▶ **WORK TO COMPLETE**
Looking at the listing below, retype exactly the lines starting at the one containing "Stylish brown parka" and ending at the one containing "E-65 Gorru-Gaooh lands", both included, and nothing else.
THE INPUT Block Start
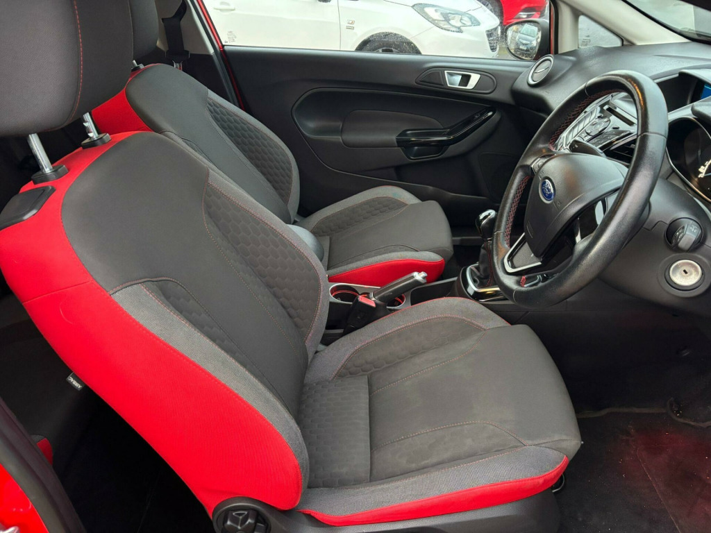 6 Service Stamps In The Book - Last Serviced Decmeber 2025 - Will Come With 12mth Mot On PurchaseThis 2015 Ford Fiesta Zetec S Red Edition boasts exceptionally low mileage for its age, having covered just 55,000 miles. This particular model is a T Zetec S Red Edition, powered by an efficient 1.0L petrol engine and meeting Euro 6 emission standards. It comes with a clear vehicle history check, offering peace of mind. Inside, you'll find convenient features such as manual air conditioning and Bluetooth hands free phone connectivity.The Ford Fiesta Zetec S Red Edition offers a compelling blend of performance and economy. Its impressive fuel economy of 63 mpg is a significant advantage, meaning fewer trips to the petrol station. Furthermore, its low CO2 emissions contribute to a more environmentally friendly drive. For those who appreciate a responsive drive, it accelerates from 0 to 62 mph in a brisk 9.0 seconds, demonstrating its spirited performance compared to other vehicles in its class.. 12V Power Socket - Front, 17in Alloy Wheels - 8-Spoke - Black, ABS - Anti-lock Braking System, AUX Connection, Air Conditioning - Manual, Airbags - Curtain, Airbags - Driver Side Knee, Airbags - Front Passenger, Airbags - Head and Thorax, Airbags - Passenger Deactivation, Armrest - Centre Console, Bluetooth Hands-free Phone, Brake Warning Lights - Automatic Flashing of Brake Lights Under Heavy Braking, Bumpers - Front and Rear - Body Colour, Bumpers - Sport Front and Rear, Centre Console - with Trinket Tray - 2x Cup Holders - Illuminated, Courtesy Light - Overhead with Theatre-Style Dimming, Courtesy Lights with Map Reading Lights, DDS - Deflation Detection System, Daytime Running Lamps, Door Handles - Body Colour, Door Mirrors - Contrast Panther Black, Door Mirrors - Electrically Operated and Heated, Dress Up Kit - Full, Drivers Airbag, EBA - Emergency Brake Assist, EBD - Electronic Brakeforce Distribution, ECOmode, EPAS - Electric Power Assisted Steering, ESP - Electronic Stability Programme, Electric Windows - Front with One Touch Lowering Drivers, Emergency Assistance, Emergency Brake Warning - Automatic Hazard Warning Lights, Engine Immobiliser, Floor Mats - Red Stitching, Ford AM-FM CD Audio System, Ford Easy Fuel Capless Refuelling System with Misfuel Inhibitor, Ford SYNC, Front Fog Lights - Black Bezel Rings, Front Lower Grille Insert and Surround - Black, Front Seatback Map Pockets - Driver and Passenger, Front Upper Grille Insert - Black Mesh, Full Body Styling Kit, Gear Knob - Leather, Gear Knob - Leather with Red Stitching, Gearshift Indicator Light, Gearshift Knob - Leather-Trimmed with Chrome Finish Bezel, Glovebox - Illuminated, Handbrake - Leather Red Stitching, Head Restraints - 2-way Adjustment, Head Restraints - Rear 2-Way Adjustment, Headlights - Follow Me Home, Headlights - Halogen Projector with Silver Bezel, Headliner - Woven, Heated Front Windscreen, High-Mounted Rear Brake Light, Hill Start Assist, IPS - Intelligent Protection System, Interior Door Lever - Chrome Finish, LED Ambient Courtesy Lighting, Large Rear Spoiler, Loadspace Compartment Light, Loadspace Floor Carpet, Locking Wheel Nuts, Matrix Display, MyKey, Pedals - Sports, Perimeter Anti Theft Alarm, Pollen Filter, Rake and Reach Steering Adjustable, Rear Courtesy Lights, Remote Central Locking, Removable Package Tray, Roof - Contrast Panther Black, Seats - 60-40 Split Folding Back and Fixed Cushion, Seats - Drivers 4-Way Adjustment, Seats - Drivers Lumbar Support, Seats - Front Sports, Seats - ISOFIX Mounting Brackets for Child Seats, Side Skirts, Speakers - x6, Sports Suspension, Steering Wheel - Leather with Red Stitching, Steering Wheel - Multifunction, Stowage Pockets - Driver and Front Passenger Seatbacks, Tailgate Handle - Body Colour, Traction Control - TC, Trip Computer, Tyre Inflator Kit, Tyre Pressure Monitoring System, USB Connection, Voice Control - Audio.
THE INPUT Block End
THE INPUT Block Start
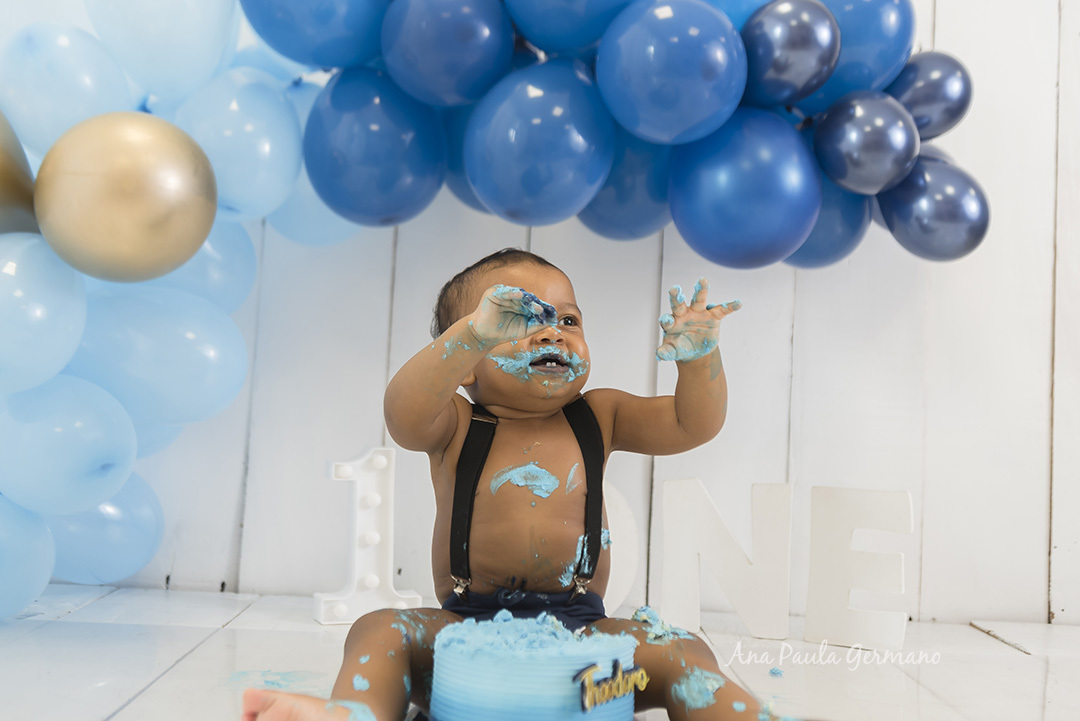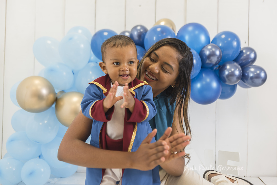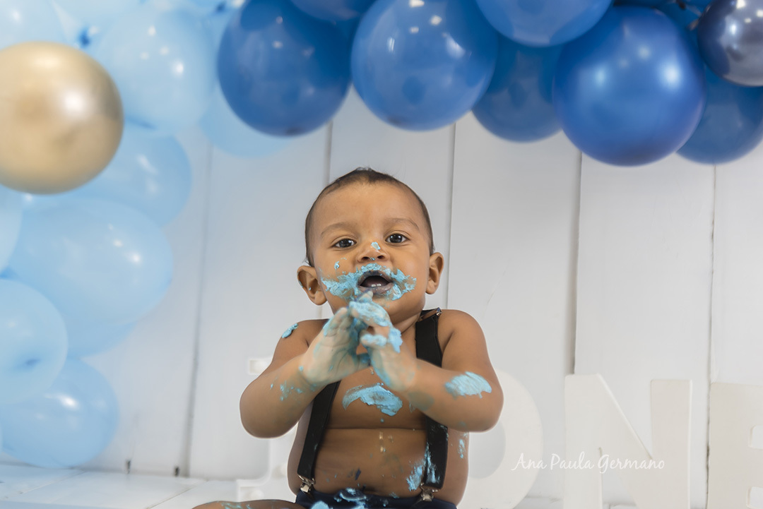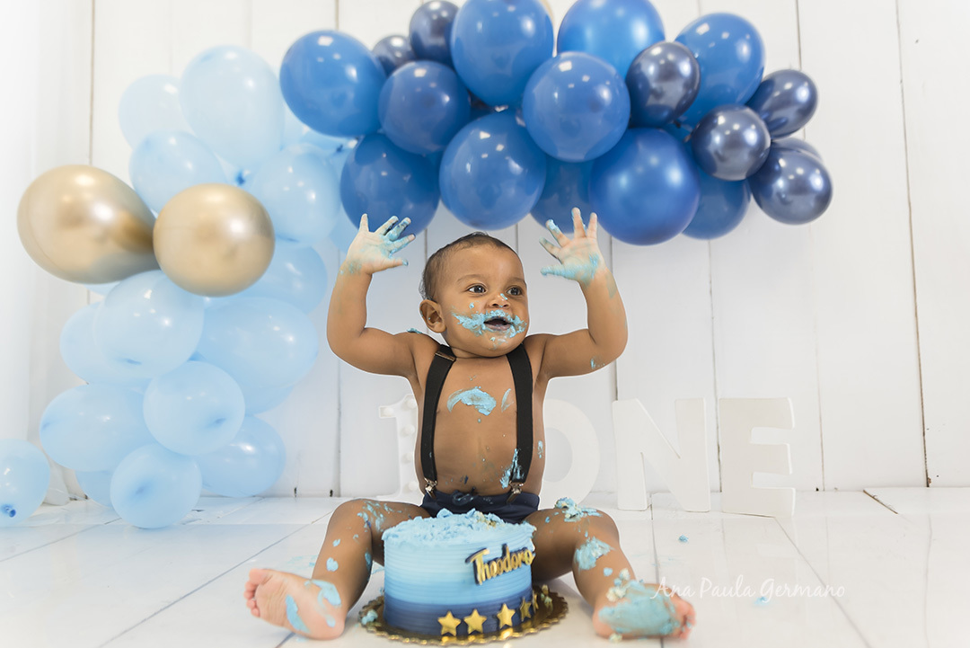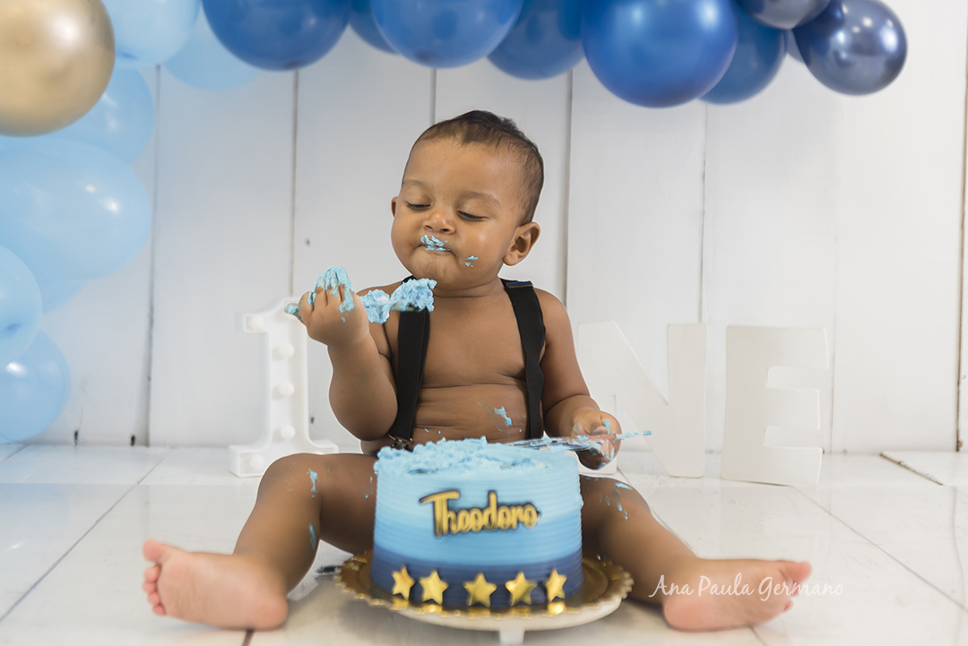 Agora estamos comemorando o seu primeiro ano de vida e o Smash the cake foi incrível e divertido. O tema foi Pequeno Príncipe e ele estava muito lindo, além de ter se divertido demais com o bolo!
THE INPUT Block End
THE INPUT Block Start
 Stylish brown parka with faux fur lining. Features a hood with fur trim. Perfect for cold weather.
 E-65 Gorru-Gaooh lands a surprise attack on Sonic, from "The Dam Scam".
THE INPUT Block End
▶ **WRITTEN SOLUTION**
 Stylish brown parka with faux fur lining. Features a hood with fur trim. Perfect for cold weather.
 E-65 Gorru-Gaooh lands a surprise attack on Sonic, from "The Dam Scam".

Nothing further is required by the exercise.